YOUR ASSIGNMENT. Give again, exactly as written, the lines of the records below from the line with "Inspired by the" to the line with "An incredible mechanical". Both end lines count; pictures do not.

Stored records:
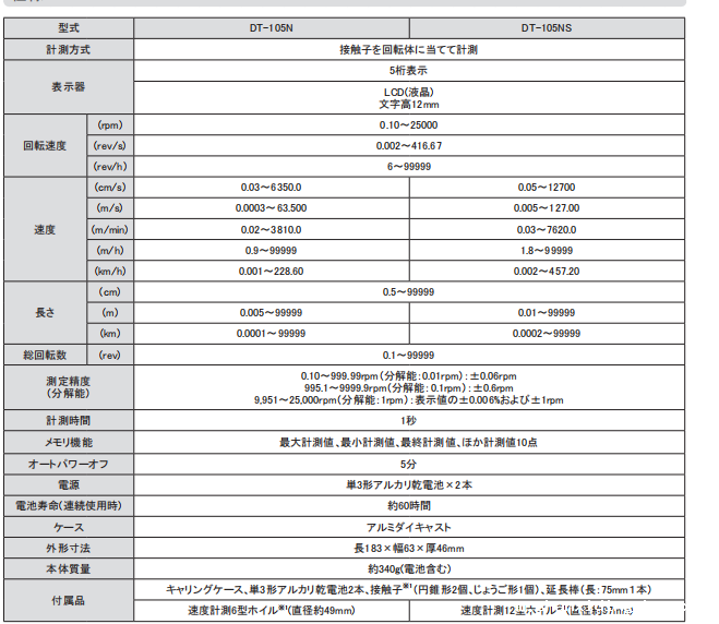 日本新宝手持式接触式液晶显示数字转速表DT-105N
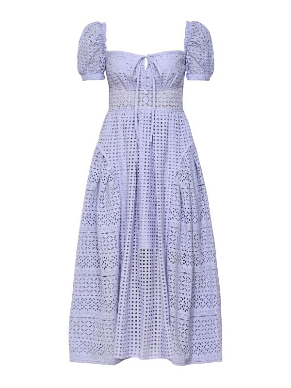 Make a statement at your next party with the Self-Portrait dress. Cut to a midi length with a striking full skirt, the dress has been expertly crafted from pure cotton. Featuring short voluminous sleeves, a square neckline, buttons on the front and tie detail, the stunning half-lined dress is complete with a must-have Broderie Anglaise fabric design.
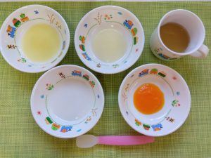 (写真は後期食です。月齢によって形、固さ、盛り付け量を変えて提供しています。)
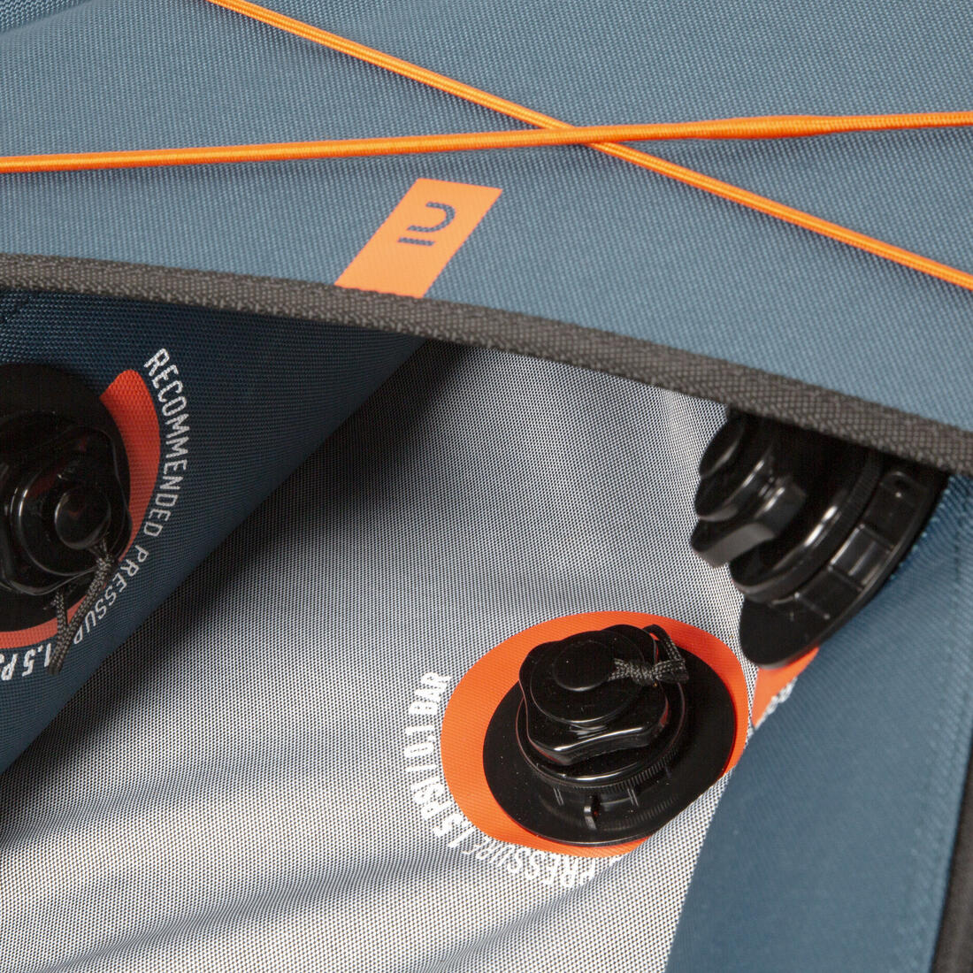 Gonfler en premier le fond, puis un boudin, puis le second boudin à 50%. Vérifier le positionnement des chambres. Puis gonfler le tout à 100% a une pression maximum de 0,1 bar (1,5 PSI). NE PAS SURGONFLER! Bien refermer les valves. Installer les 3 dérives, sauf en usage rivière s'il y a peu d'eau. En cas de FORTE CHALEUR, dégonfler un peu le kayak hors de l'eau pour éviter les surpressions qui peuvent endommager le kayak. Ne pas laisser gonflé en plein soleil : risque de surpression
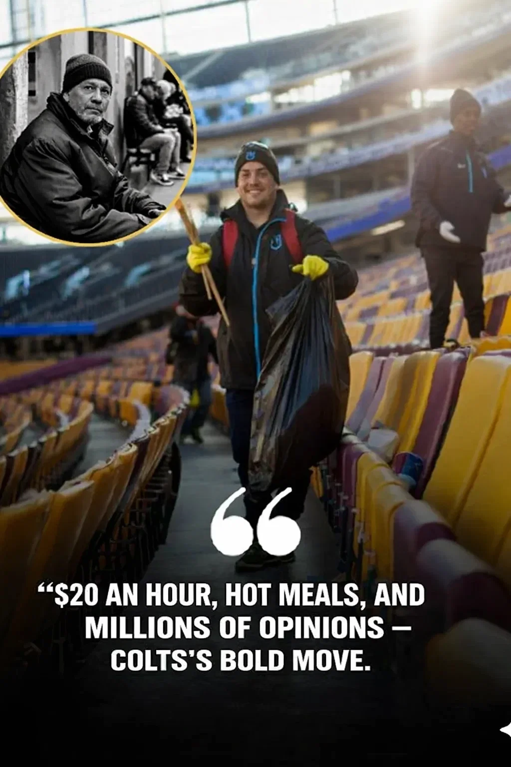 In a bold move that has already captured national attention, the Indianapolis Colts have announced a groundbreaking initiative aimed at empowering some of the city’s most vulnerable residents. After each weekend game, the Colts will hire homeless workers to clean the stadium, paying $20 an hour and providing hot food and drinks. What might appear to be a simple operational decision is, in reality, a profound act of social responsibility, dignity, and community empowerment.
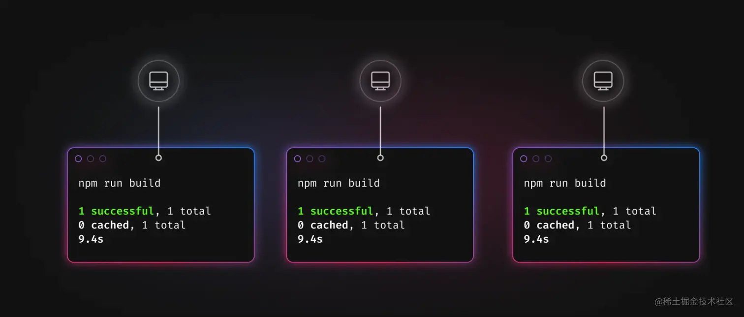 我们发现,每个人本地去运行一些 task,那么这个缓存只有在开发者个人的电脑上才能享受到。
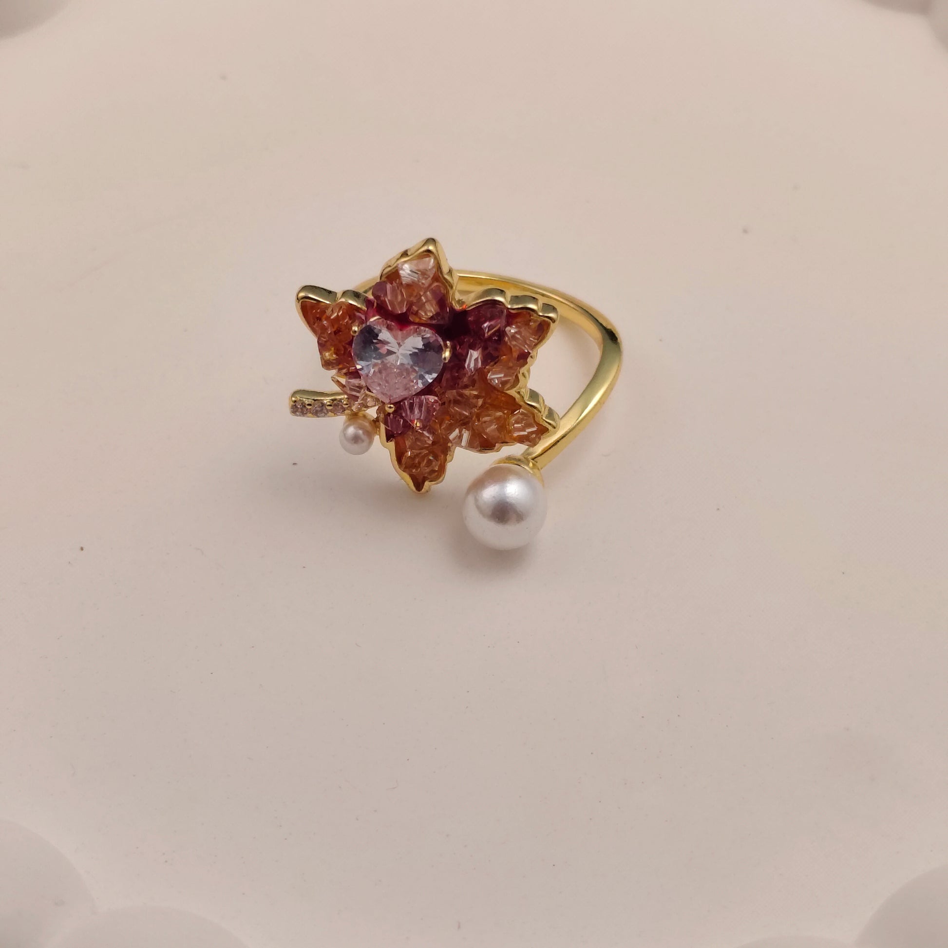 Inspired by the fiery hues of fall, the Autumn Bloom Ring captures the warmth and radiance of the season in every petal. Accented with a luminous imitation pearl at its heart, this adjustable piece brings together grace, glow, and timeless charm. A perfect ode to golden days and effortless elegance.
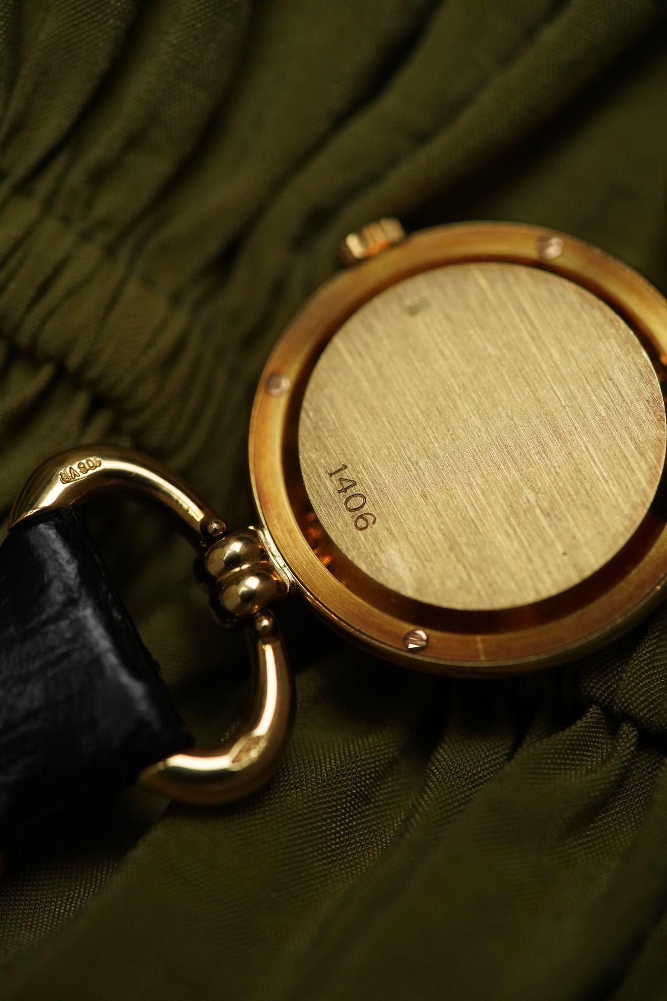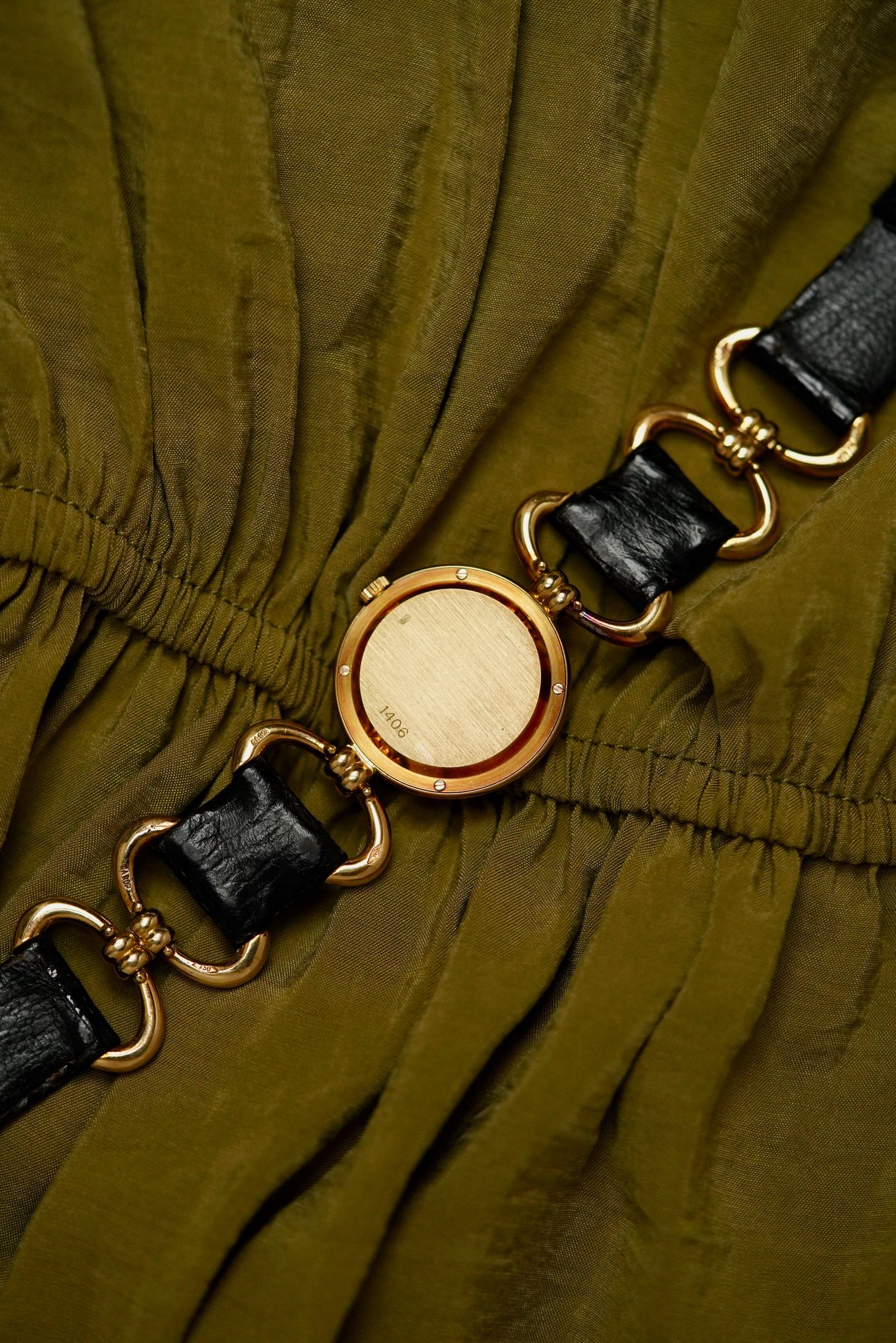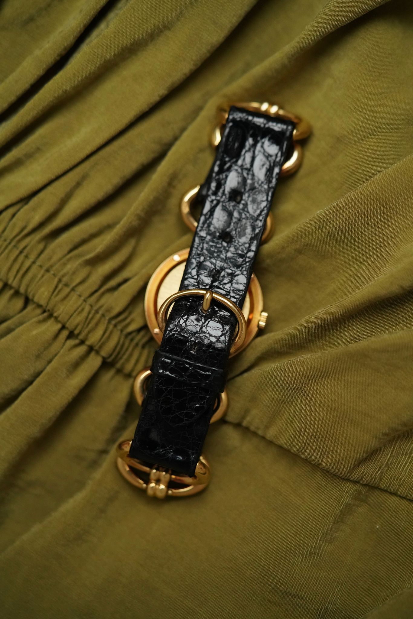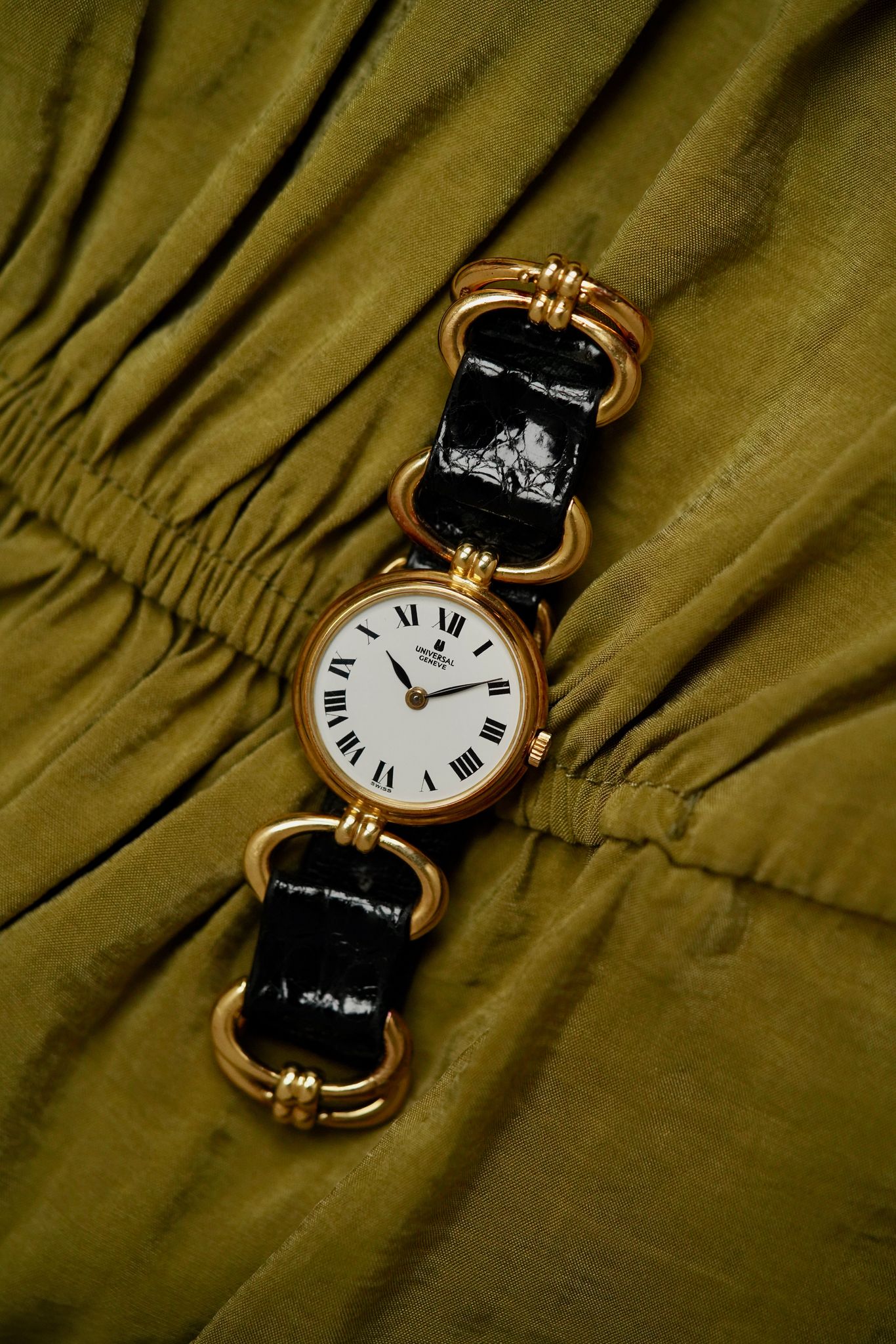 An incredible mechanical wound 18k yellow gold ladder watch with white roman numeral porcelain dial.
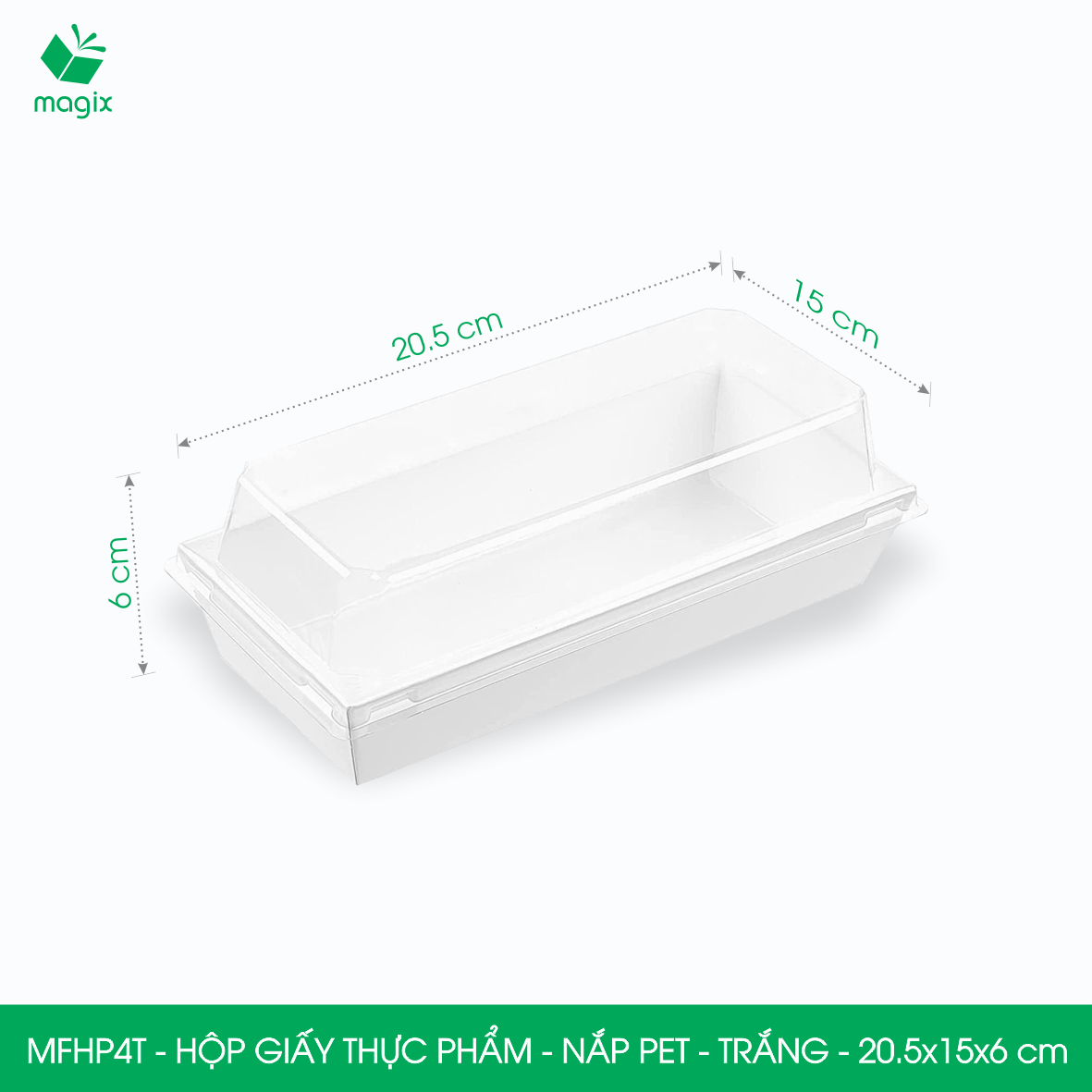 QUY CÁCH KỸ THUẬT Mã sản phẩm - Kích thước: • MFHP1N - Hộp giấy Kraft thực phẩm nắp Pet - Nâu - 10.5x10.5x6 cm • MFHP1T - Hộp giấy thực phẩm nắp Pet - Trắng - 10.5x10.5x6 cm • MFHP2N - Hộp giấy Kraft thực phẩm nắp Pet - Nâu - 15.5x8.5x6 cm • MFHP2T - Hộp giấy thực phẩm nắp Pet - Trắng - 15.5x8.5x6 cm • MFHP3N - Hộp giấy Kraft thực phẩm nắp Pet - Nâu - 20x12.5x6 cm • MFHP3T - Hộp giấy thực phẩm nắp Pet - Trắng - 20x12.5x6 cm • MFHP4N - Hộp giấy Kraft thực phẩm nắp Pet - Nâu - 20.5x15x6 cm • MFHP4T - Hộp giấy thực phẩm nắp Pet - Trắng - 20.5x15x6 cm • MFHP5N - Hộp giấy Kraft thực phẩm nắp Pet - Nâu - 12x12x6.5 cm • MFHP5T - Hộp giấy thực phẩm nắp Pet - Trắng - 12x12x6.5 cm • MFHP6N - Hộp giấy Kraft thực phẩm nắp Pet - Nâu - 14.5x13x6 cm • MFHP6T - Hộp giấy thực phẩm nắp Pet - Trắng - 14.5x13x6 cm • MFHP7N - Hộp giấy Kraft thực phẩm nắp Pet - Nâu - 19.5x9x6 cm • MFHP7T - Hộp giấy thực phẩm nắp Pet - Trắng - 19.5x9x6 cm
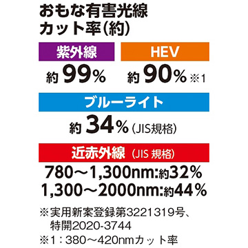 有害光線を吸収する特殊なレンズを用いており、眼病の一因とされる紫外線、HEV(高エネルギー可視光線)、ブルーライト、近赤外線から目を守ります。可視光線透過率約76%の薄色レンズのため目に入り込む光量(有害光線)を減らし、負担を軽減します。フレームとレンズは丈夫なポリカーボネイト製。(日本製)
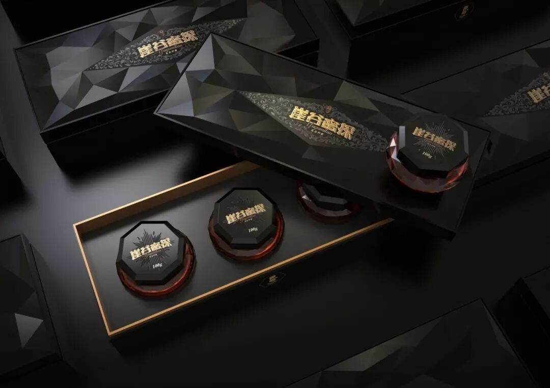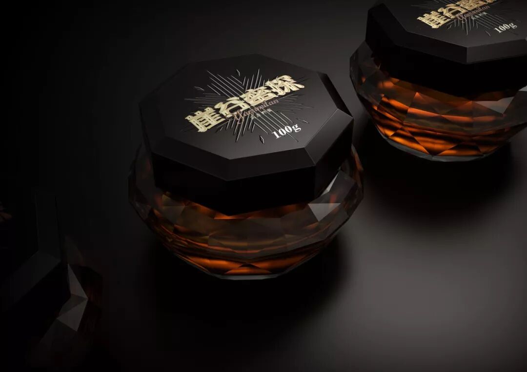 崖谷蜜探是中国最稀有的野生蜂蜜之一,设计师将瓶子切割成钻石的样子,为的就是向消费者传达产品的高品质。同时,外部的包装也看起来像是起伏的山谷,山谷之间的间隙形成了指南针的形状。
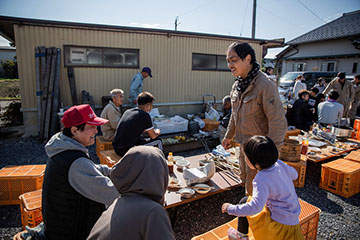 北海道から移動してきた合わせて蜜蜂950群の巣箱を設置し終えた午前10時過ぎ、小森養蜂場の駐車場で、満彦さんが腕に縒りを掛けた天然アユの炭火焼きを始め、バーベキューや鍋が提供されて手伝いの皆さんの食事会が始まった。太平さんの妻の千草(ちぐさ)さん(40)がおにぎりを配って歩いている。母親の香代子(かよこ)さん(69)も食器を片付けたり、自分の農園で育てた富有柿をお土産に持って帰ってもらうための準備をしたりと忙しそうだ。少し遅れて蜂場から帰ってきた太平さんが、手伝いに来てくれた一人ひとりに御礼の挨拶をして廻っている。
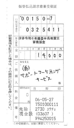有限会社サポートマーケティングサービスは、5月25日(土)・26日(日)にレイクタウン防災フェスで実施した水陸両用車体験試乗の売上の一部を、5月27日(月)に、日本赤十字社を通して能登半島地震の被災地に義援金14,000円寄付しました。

YOUR RESPONSE.
 Inspired by the fiery hues of fall, the Autumn Bloom Ring captures the warmth and radiance of the season in every petal. Accented with a luminous imitation pearl at its heart, this adjustable piece brings together grace, glow, and timeless charm. A perfect ode to golden days and effortless elegance.
 An incredible mechanical wound 18k yellow gold ladder watch with white roman numeral porcelain dial.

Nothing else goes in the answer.